Nei regolamenti europei attualmente vigenti è possibile rintracciare dei primi riferimenti e delle prime aperture verso un modello di economia circolare, ma ciò può costituire solo un punto di partenza per orientare i futuri passi del legislatore europeo.
Gli attuali mutamenti legislativi e le future decisioni che saranno attuate nei futuri periodi di programmazioni della Pac forniranno sicuramente spunti di riflessione ulteriori che, si spera, potranno costituire l’oggetto di una seconda analisi più mirata e approfondita di tali aspetti.

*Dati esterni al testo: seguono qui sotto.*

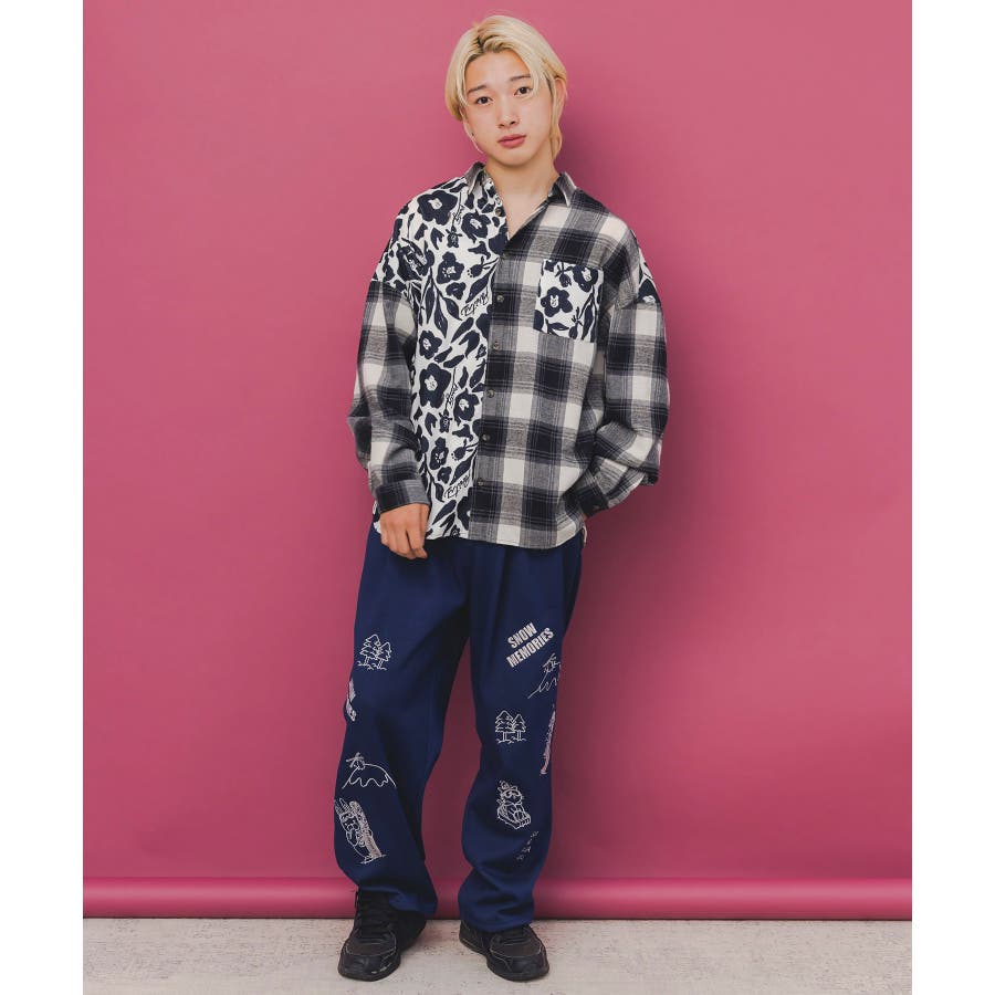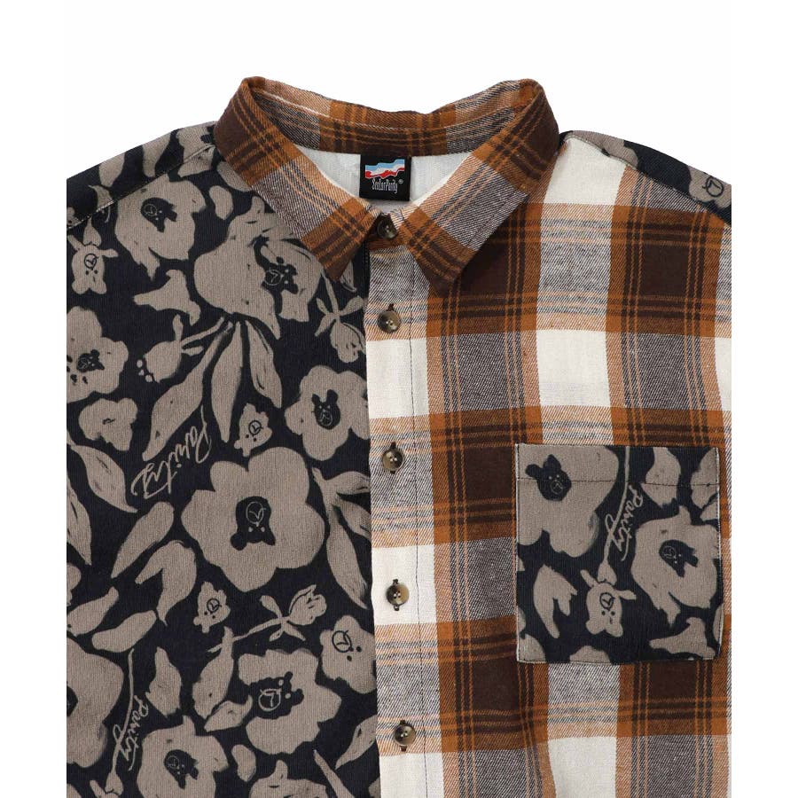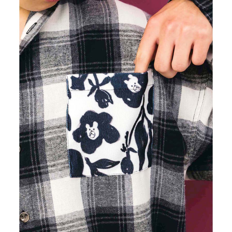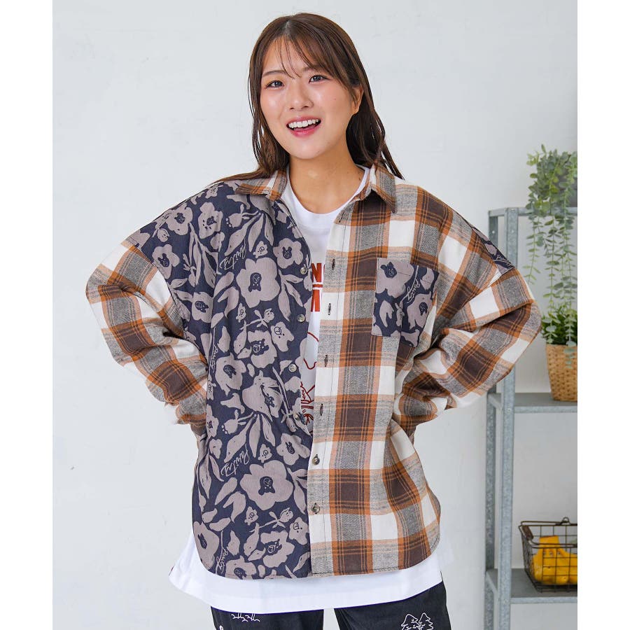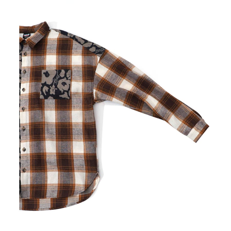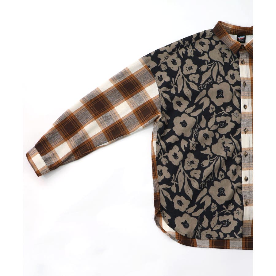 クマ花柄コーデュロイ×チェック異素材切替シャツ
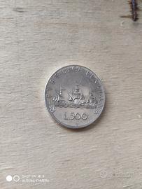 Moneta da 500 lire , in argento con le tre caravelle, da collezione con ritratto della repubblica italiana e al rovescio le tre caravelle in navigazione anno 1958 argento 835/1000.
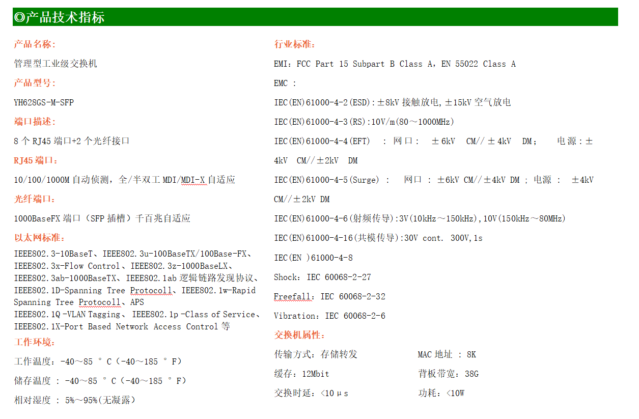 YHH600-28GS-M-SFP是網管型工業以太網交換機,產品符合FCC、CE、RoHS標準。支持2個千兆光口和8個千兆電口;支持工業現場所需的以太網二層協議,保證通信網絡的穩定性;該系列交換機采用低功耗、無風扇設計,確保無噪聲干擾,同時支持-40~85℃工作溫度和良好的EMC電磁兼容性能,保證在惡劣的工業環境中保持穩定的工作,為工廠自動化,智能交通,視頻監控等工業應用領域組建快速穩定的網絡終端接入網絡提供安全可靠的解決方案。
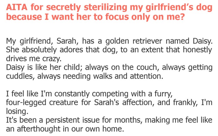 "AITA for secretly sterilizing my girlfriend’s dog because I want her to focus only on me?"

Un modello di economia circolare si può prestare ad essere applicato al settore agroalimentare e gli strumenti ai quali nelle ultime programmazioni della politica agricola si è dato risalto sono legittimati a contribuire alla diffusione di tale
188 modello, ma sarebbe auspicabile, a parere di chi scrive, una normativa autonoma in proposito che possa agire in sinergia con le altre normative e modelli di governance europei al momento vigenti.